Embarcações típicas e o turismo, algumas boas ideias

Uma das maiores riquezas culturais do litoral do Brasil são as embarcações típicas. No início do século 21, a maioria dos países já perdeu esse patrimônio. A tecnologia avançou. Os motores ficaram baratos. A infraestrutura tomou as zonas costeiras. Embarcações típicas e o turismo é algo que merece mais atenção.

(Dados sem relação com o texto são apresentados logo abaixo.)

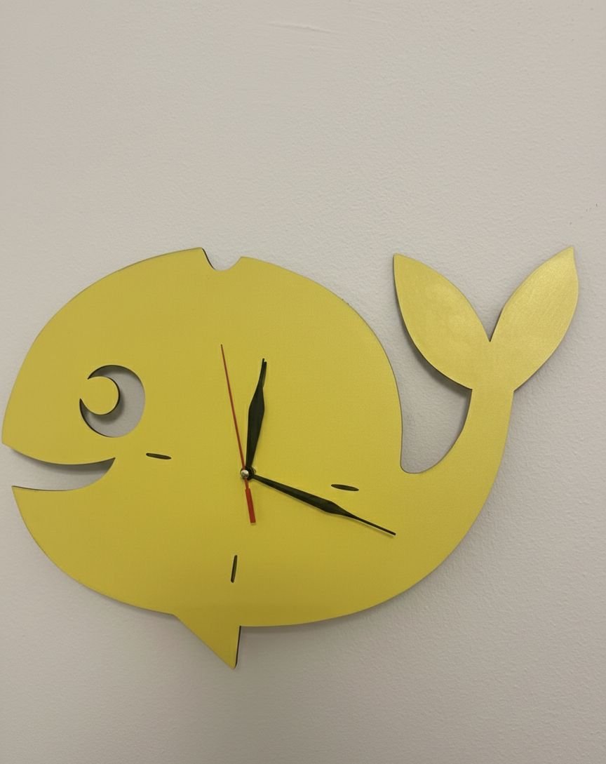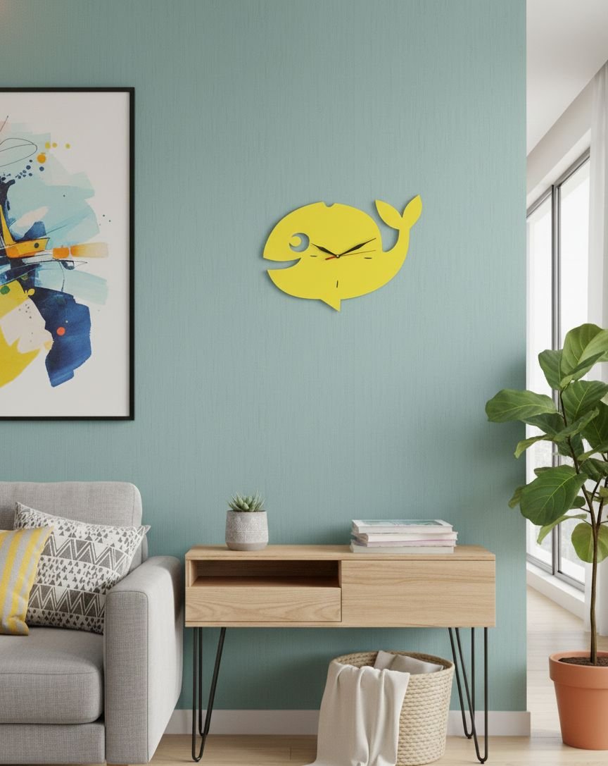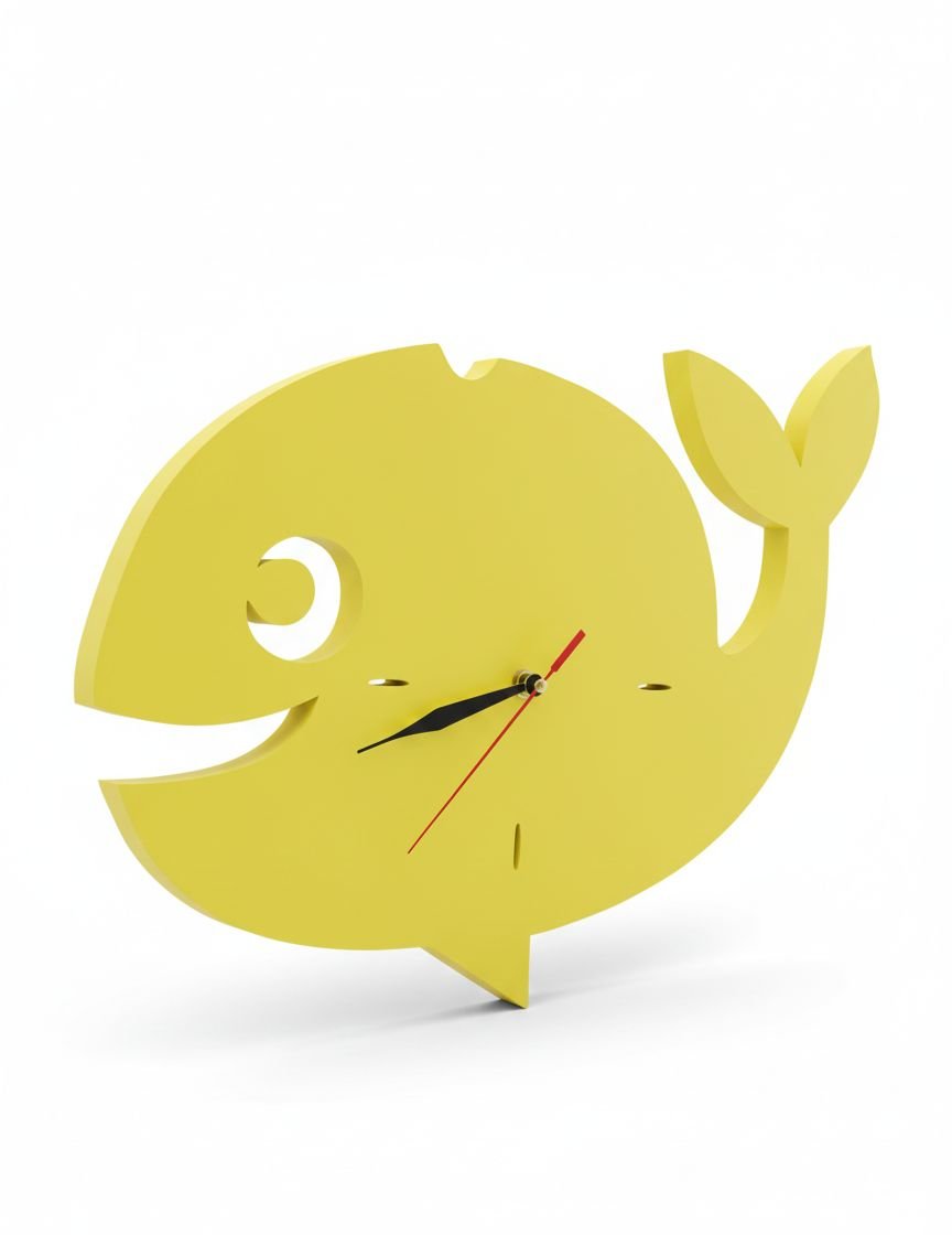 اجعل الوقت يسبح بمرح في منزلك مع هذه الساعة الفريدة التي تأتي على شكل حوت أصفر مبهج.

No Brasil, por várias razões, isso não aconteceu. Apesar da pressão da infraestrutura ao longo da costa, as embarcações típicas continuam a navegar. Elas impressionam. Têm formas elegantes. Exibem cores vibrantes. Muitas ainda usam a vela como principal meio de propulsão. Outras deixaram as velas, mas seguem movidas a remo.

Essas embarcações são bens culturais brasileiros. O IPHAN as reconhece e as protege. Mesmo assim, a maioria da população as desconhece.

Hoje, o tema são as embarcações típicas e o turismo. Há boas ideias a explorar.

O Iate, embarcação de transporte de cargas e passageiros, ainda em uso no Maranhão. Imagem, arquivo MSF.

Embarcações típicas

Entre as riquezas do litoral que poucos conseguem enxergar estão as embarcações típicas da costa brasileira. Trata-se de um acervo riquíssimo, nascido da tradição oral. Hoje, ele vive nos estertores. Só resiste graças ao trabalho admirável de alguns abnegados.

Canoa de risco, Camocim, CE. Arquivo MSF.

O Brasil é o país mais rico do mundo em diversidade de embarcações típicas ainda em uso. Esse patrimônio resulta, em parte, da pobreza — talvez o único fruto decente de uma situação indecente.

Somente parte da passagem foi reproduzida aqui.